Doing it this way is capitalist because it's American. Doing it the other way is evil because it's socialist/communist, like the Russians/Chinese/North Koreans do with the lot of this rhetoric absolutely drowning in racism and nationalism. Mind you, all those countries have issues, absolutely. I'm just saying a conservative with a gun to their head couldn't actually explain those issues, they're just evil because they're not American. [ insert eagle screech here ]
Honestly the best distillation is: It's Freedom when private citizens run things, and it's Communism when the government does. The fact that the government sometimes has to give rich private citizens a shit ton of money to keep things afloat is not reflected upon.
If you try and analyze it through a lens of what these words actually mean, yeah it makes no goddamn sense at all.
But not really right? It could happen in the market, company A chooses to bailout company B by buying it and investing money to keep it afloat.
Except company A in this case is the government. No? Why is it that when it is the government doing this action, it has to gift the money instead of potentially profiting from it?
Edit : just saw the edit. I see! But still, I don't get in what sense it is more socialist, instead of just saving the companing 'for free', people actually buy (forcefully invest?) in the company to save it.
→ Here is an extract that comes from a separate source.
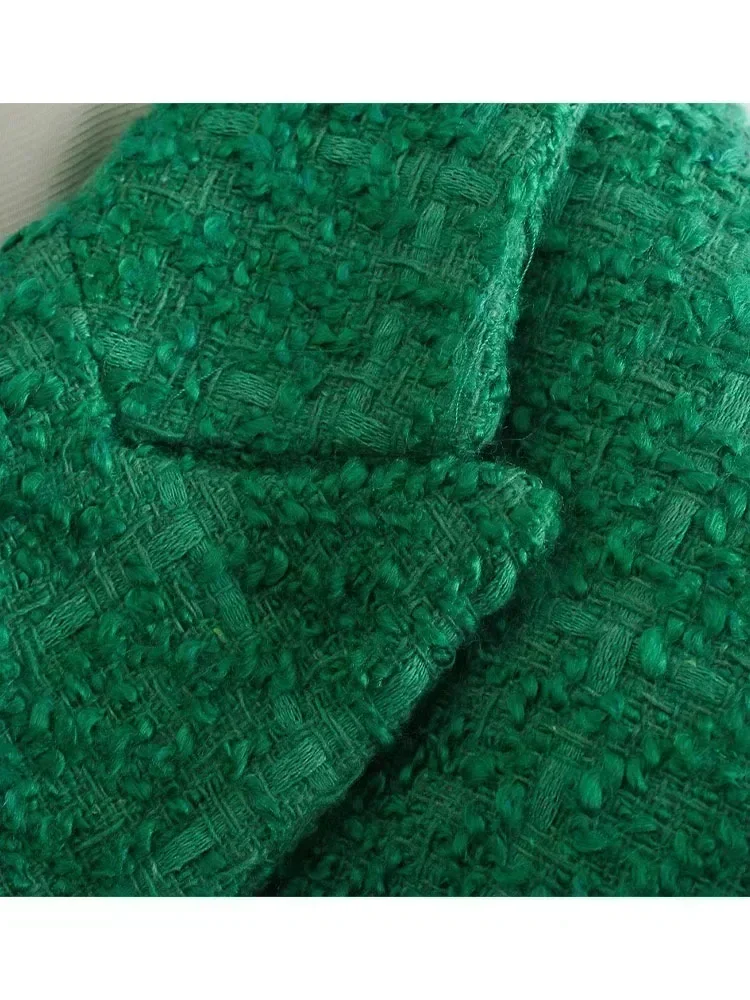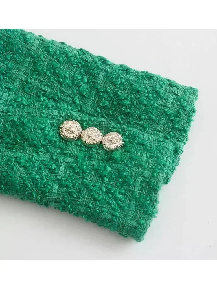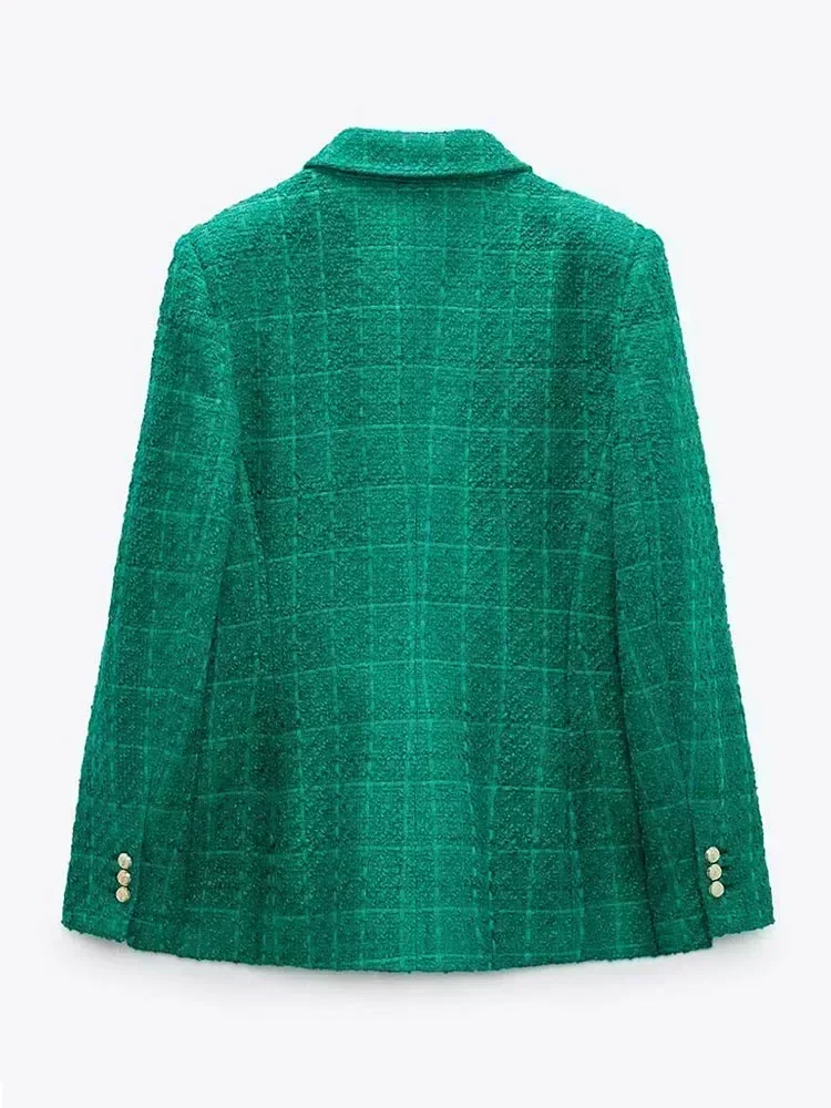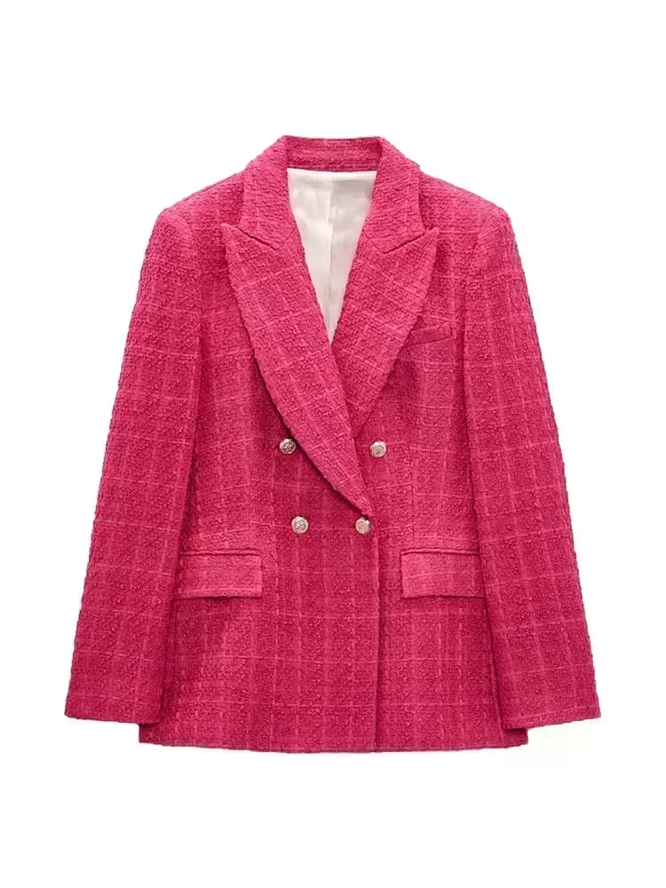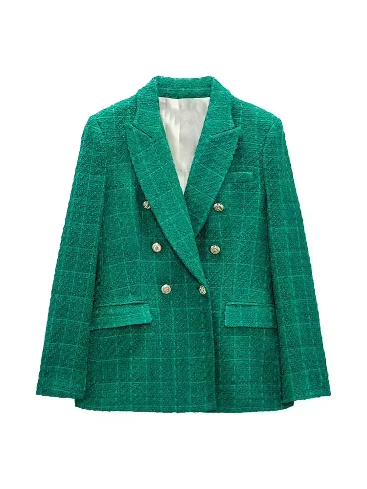 Women 2024 New Fashion Double Breasted Tweed Check Blazer Coat Vintage Long Sleeve Pockets Female Outerwear Chic
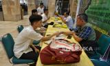 Petugas melakukan akad saat menerima zakat fitrah dari jamaah yang di Masjid Istiqlal, Jakarta, Sabtu (6/4/2024). Unit Pengumpul Zakat (UPZ) Baznas Masjid Istiqlal membuka layanan pembayaran zakat fitrah berupa 3,5 liter beras atau uang senilai Rp50.000 yang berlangsung hingga malam takbiran. (FOTO : Republika/Thoudy Badai)

If anything it makes it more capitalist if the taxpayers invest in the bailout, instead of just giving it away!
Its pure propaganda playing on American fear of socialism.
In other very capitalist economies governments did take stakes in banks in return for bailouts. The first British bank that needed one (Northern Rock) was entirely taken over by the government and shareholders just lost their money. The government bought stakes in others. It was still criticised as being too generous to shareholders and management.